Automating Git Repository Creation on GitHub and Azure DevOps with Git

Managing code across multiple repositories on different platforms can be time-consuming, especially when pushing to both GitHub and Azure DevOps. This guide provides a streamlined workflow to create and configure Git repositories locally, set up GitHub and Azure DevOps remotes, and push code to both platforms simultaneously—all from the first commit.

Prerequisites

1. Personal Access Tokens (PATs)

To interact with GitHub and Azure DevOps programmatically, you’ll need to create Personal Access Tokens (PATs) on each platform.

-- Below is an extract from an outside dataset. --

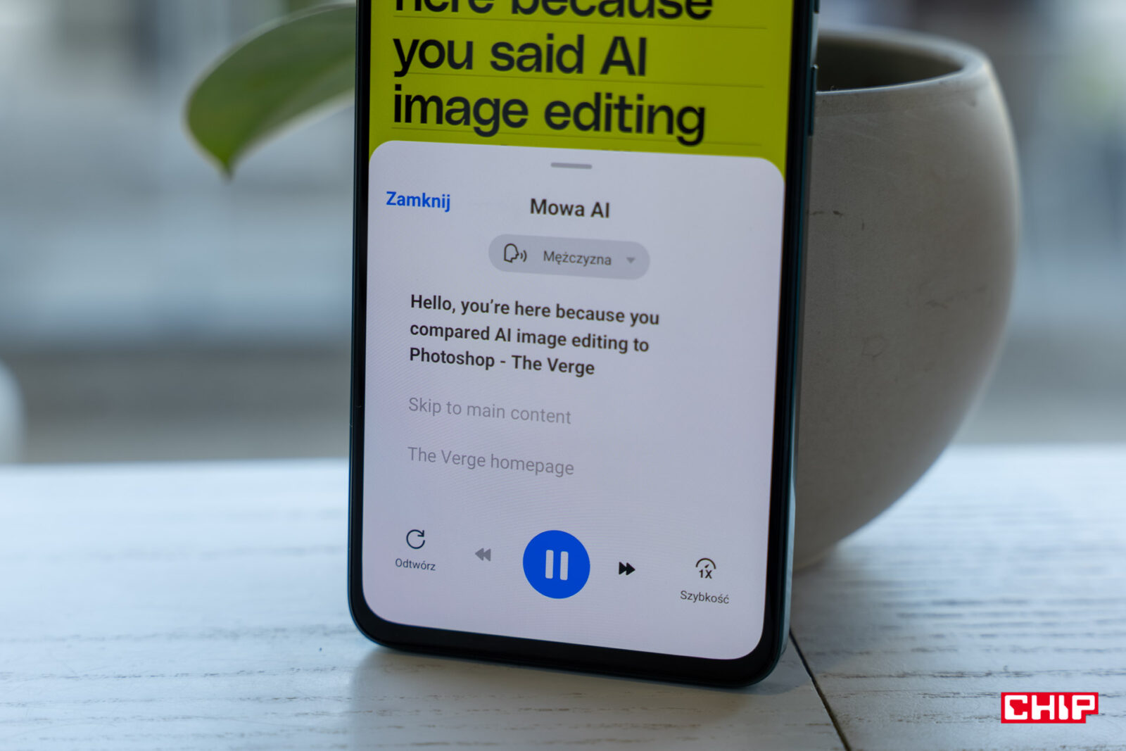 W zależności od artykułu oczekiwanie zajmie od kilkunastu do kilkudziesięciu sekund, ale streszczenie jest precyzyjne. Wiem to także dlatego, że nawet jeśli streszczamy tekst w języku, którego nie znamy, możemy skorzystać z innej funkcji na bocznym pasku, czyli “tłumaczenia ekranu”, gdzie Google Lens tłumaczy treść na język polski. Jeśli jednak macie chwilę, by włączyć rozwiązanie Mowa AI, to także jest ono warte sprawdzenia. Rozwiązanie pozwala przewijać nam tekst i przenosić się do interesujących nas akapitów. W dodatku uruchomi odczyta tekst z większą prędkością, a także nie zmusza nas, byśmy byli na stronie w trakcie czytania jej streszczenia. Wszystko dzięki małemu widżetowi, który możemy dowolnie umieszczać na ekranie, a który minimalizuję tę funkcję.

PATs act as a substitute for passwords and allow you to authenticate CLI commands.

  1. GitHub:
  • Go to GitHub’s PAT setup page.
  • Click Generate new token, give it a name, and set an expiration date.
  • Under Select scopes, choose at least repo (for repository access).
  • Click Generate token and copy the token to a safe place.
  1. Azure DevOps:
  • Go to your Azure DevOps PAT setup page.
  • Navigate to User Settings > Personal Access Tokens.
  • Select New Token, set a name, organization, expiration date, and scope.
  • Choose at least Code (read and write) permissions for repository access.
  • Click Create and copy the token somewhere secure.

These tokens will be needed to authenticate and push code to each platform through command-line interfaces.

2. CLI Tools

To create repositories directly from the command line, install the following tools:

Step-by-Step Workflow

Step 1: Initialize the Local Git Repository

Open your terminal or command line, navigate to your project folder, and initialize the Git repository:

# Initialize the Git repository
git init
git add .
git commit -m "Initial commit"

Step 2: Authenticate and Set Up CLI Tools

Authenticate with GitHub and Azure DevOps using the CLI tools and your PATs:

  1. GitHub CLI:
   gh auth login
   # Follow the prompts to authenticate with your GitHub PAT
  1. Azure CLI:
   az login
   # Follow prompts to log into your Azure account

Step 3: Create the GitHub Repository

Using the gh CLI, create a new repository on GitHub. This command will also set up GitHub as a remote for your project.

# Create a new GitHub repository and add it as the 'origin' remote
gh repo create <repository-name> --public --confirm

This will automatically configure the GitHub remote as origin in your Git configuration.

Step 4: Configure Azure DevOps for Repository Creation

  1. First, configure your Azure DevOps organization and project to ensure the repository is created in the correct place:
   az devops configure --defaults organization=https://dev.azure.com/<your-organization> project=<your-project>
  1. Next, use the Azure CLI to create a new repository within the specified project:
   az repos create --name <repository-name>
  1. Add Azure DevOps as a second remote, named azure:
   git remote add azure https://dev.azure.com/<your-organization>/<your-project>/_git/<repository-name>

Step 5: Push Code to Both Remotes

Now that both GitHub and Azure DevOps are configured as remotes (origin for GitHub and azure for Azure DevOps), you can push your initial commit to both:

# Push to GitHub
git push origin main

# Push to Azure DevOps
git push azure main

To streamline future pushes, you can push to both remotes in one command:

git push --all origin && git push --all azure

Wrapping Up

With this setup, your local Git repository is configured to automatically push updates to both GitHub and Azure DevOps. You can repeat the git push --all origin && git push --all azure command whenever you want to update both platforms. This workflow is ideal for projects where visibility, redundancy, or backup across different platforms is important.

By automating repository creation and configuring multi-remote pushing, you save time and maintain a consistent codebase on both GitHub and Azure DevOps. This setup will simplify collaboration and keep your code accessible, backed up, and versioned across platforms.